Next in the same area on the ribbon, select the little arrow in the bottom right (below the Print Titles option) to open up the Page Layout dialogue.
With the Page tab selected in the dialogue that pops up, select the Fit to: option, and change the options to 1 page wide, and leave the page tall option blank. Instead of spilling the columns onto a new page, this forces it to all fit in one page wide, but allows it to use as many pages long as needed.
Next navigate over to the Sheet tab. In the Rows to repeat at top option, type in =J4:Q4
. This will repeat the header row for each new page.
Now go to the Header/Footer tab. In the Footer tab, select and select the Page 1 of ? option, and then select the Custom Header button.
In the center section, write Officer Satisfaction Dashboard. Then hit OK.
Now hit Print Preview, and you will see how the sheet is now fitted nicely on the page, and when you scroll to later pages, the same header field aligns with the later rows.
If you print this out now (or save to PDF), it will automatically choose this print area. Many individuals will not want to work with the Excel spreadsheet, so saving to PDF to disseminate to others is the simplest solution.
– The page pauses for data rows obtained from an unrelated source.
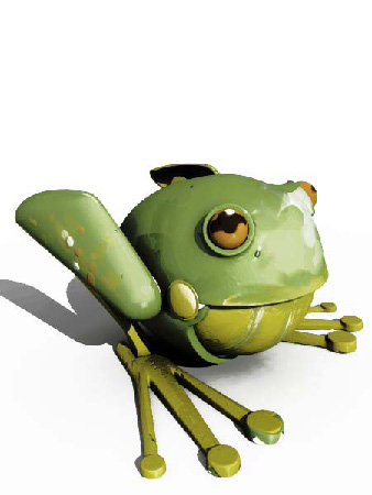 After doing diferent 3d experiments with old tin toys, (zomer and awesome Monkey), y decided todo put aside the idea of modeling from a realworld estoy model and design my own 3d toy. Searching for some dodles in my sketchbook, y found a Little Frog that i wanted todo model in 3d.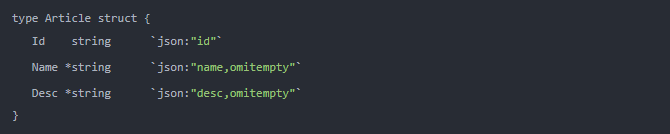 注意 - 我没有将 'Id' 字段更改为指针类型,因为它不具备空状态,id 是必需的,类似数据库中的 id.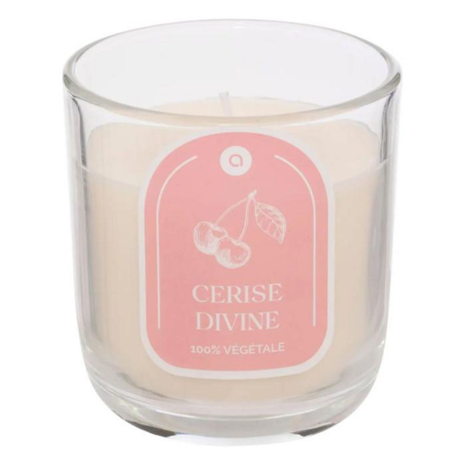Informations Techniques : Dimensions : D. 8,3 x H. 9 cm Matières : Verre & Cire Végétale Spécificités : Déco & Utile Bougie parfumée Senteur : Cerise divine Capacité : 210 g Poids : 0,47 kg Couleur : Blanc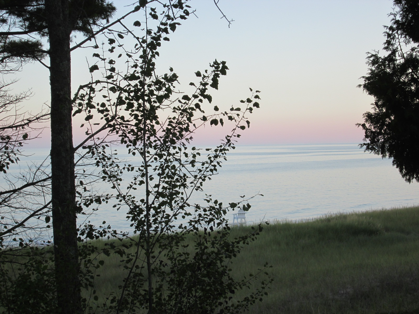 Yard grass, trees, neighbour’s place, lots more trees, edge of a neighbourhood road, sometimes that rabbit family, birds, sky (with or without clouds), my wife sometimes, etc…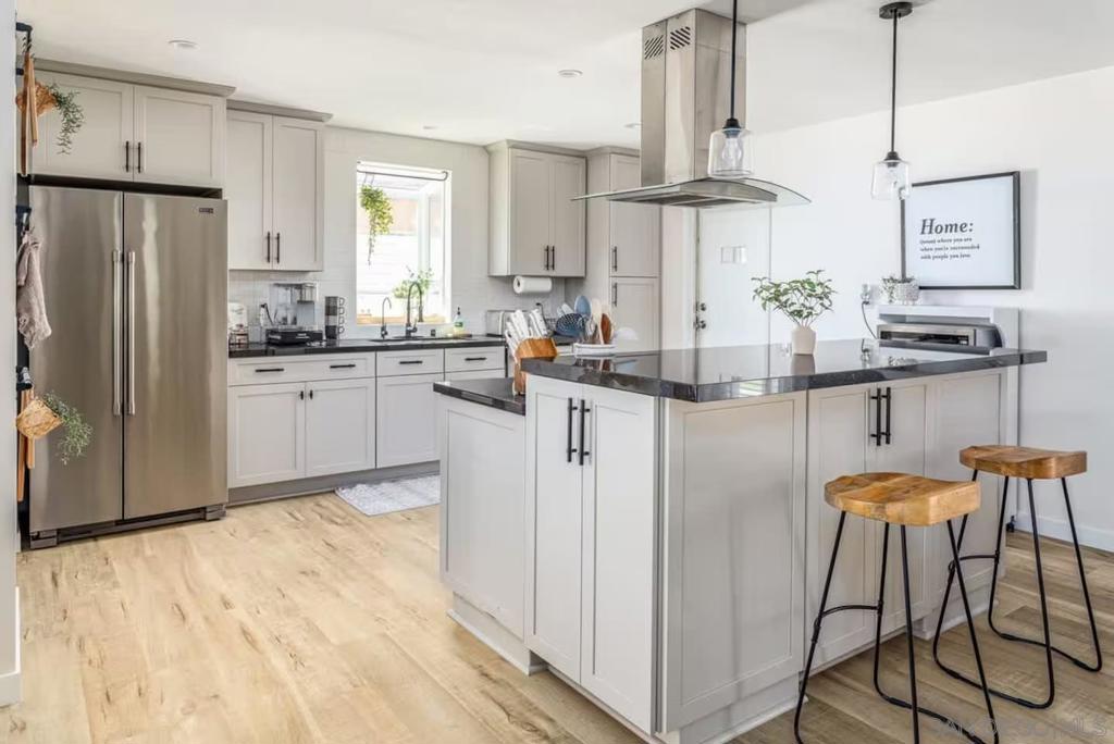 Beautiful single-story home with paid-off solar and a fully equipped attached PERMITTED ADU! The main house offers 3 bedrooms and 2 bathrooms with an open, inviting floor plan and tasteful upgrades throughout. The kitchen features granite countertops, stainless steel appliances, a professional-grade vent hood, bar-height counter, and plenty of natural light. Hardwood and laminate flooring extend throughout, complemented by skylights and recessed lighting for a bright interior. The ADU includes 1 bedroom, 1 bath, a full kitchen, laundry, and its own gated entrance, making it perfect for guests, multigenerational living, or added rental income. Both units are currently active short-term rentals with solid booking histories and excellent reviews. The permitted covered patio extends the roofline, creating a perfect year-round entertaining space. The backyard features turf and pavers with separate fenced yards for each unit and no neighbors to the rear for added privacy. Additional highlights include air conditioning in both units, a 2-car garage with direct kitchen access, a fully fenced lot with vinyl and black fencing, and no HOA or Mello Roos. Ideally located just off the 805 at Balboa, within 10 miles of five Level 1 trauma centers, 5.5 miles to Pacific Beach and Mission Bay, 3 miles to SeaWorld, 5 miles to the airport, and 2 miles to USD and Mesa College. Bright, clean, upgraded, and move-in ready—this home offers flexibility, comfort, and unbeatable convenience in the heart of San Diego.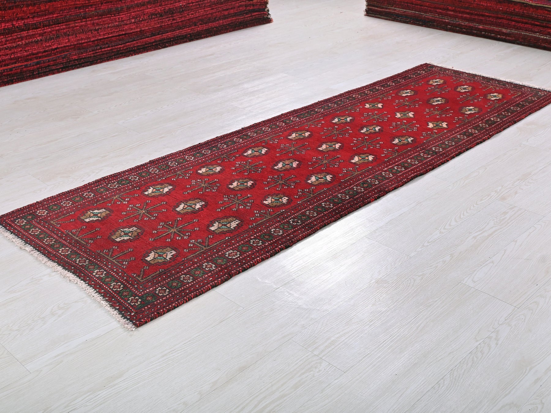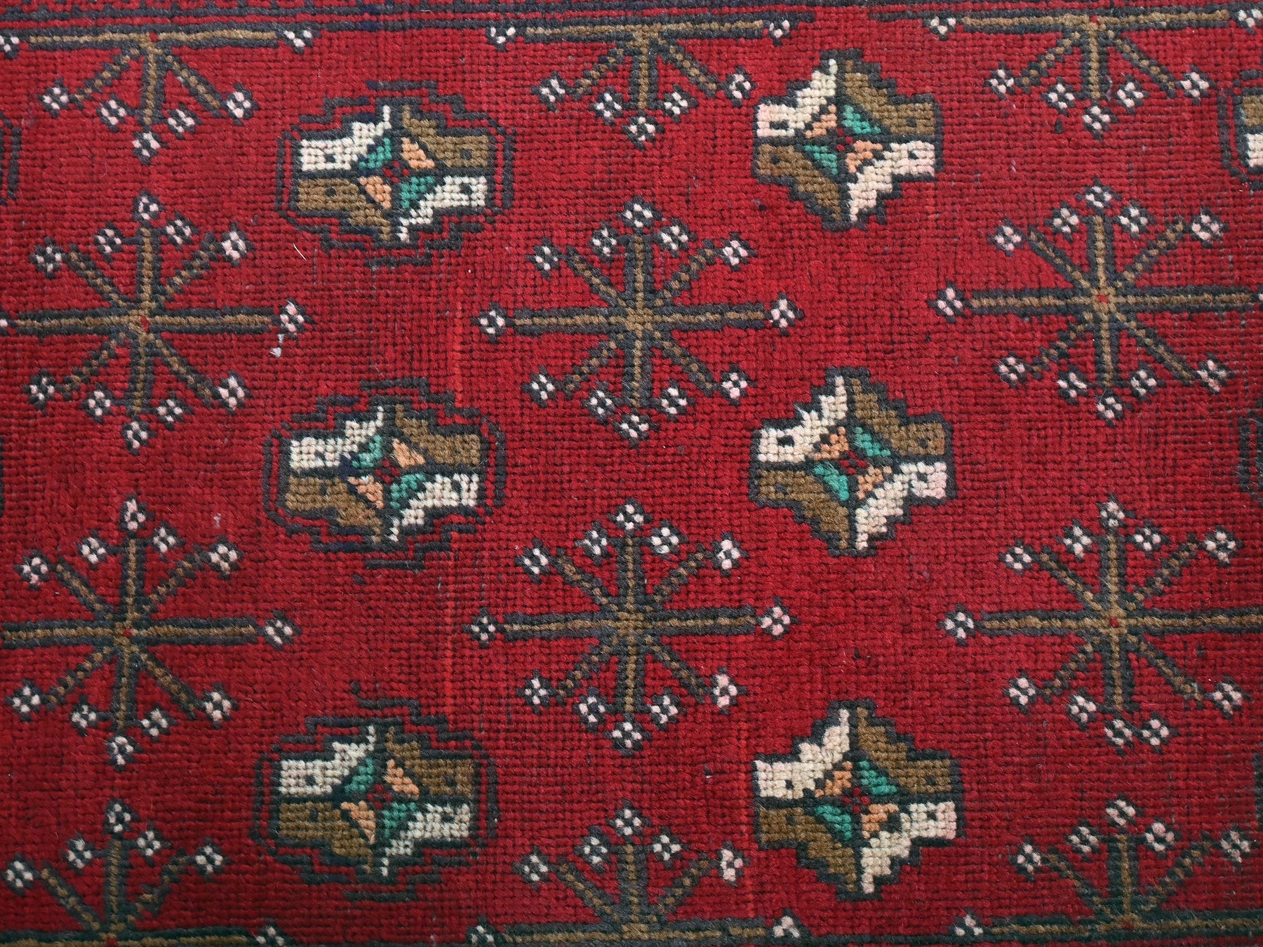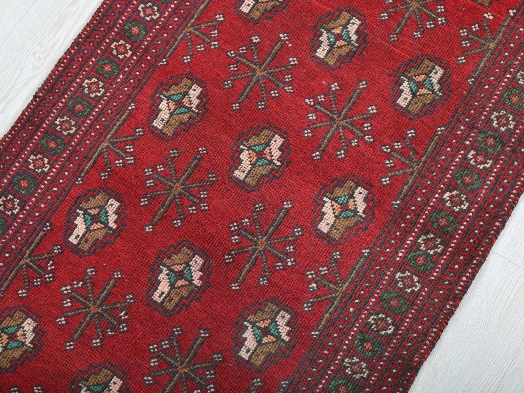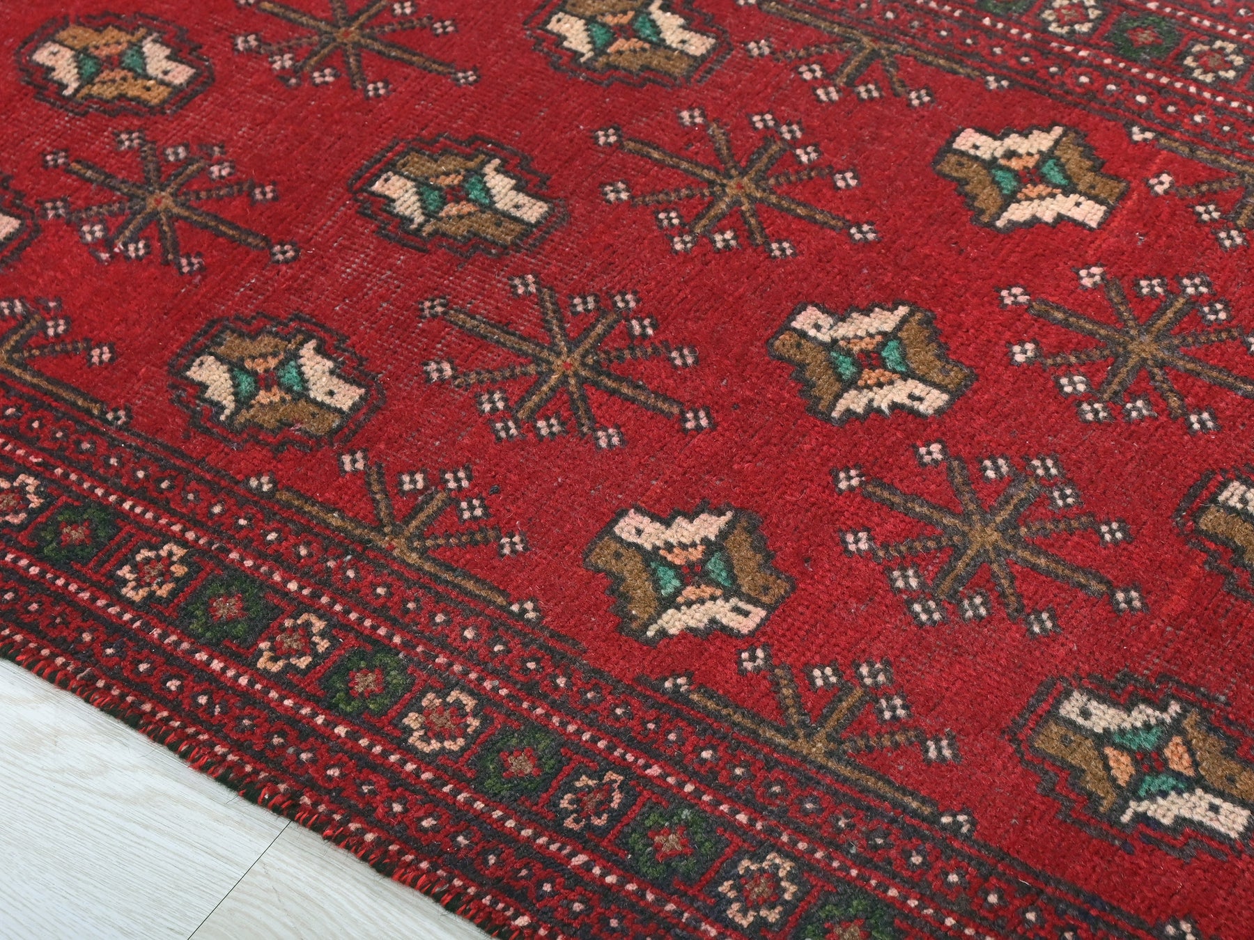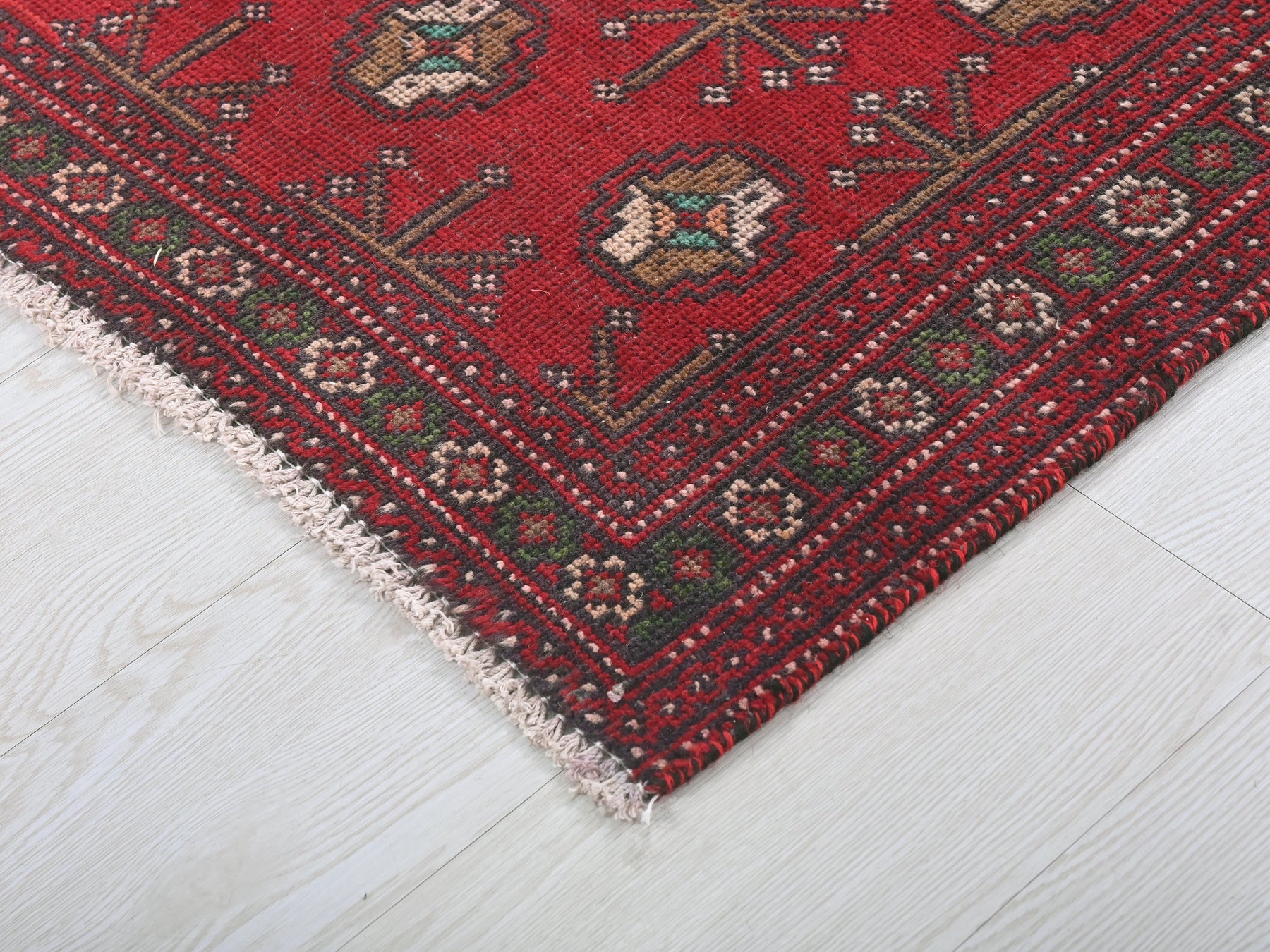 This is a hand-knotted, one-of-a-kind vintage rug. Due to the nature of this piece, there may be slight imperfections in its wear, shape, dimensions, and color. All of our rugs are professionally cleaned and repaired.
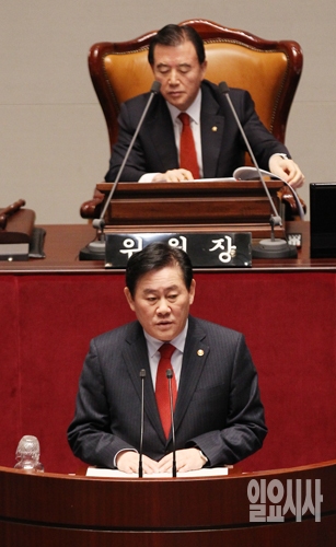 최경환 경제부총리 겸 기획재정부 장관이 2일 서울 여의도 국회에서 열린 예산결산특별위원회 전체회의에 출석해 2015년도 예산 및 기금운용계획 집행지침과 예산배정 및 자금계획을 보고하고 있다.

Another pro-tip if you are actually distributing the Excel document is that you can right click on rows or columns and hide them from the users, as well as hide specific spreadsheets. So if you want to distribute a more interactive spreadsheet, you can still make it nice enough where folks do not see a bunch of junk that they do not need to effectively use the spreadsheet.
For your homework, I want you to construct a Funnel chart for Q2 for each officer. I’ve edited the data to have 3 bad performing outliers and 3 good performing outliers. Create a separate table to illustrate the performance of those 6 officers (plus 3 other random officers that are neither good nor bad) on the Q1 to Q6 questions, and include either conditional formatting to highlight those outlying performances. Extra credit (5 points) to create a sparkline that highlights those outlying performances as well in a clear way on the Q2 question.
Place the chart and table into a powerpoint presentation (separate slides for each), export to PDF, and turn in the PDF.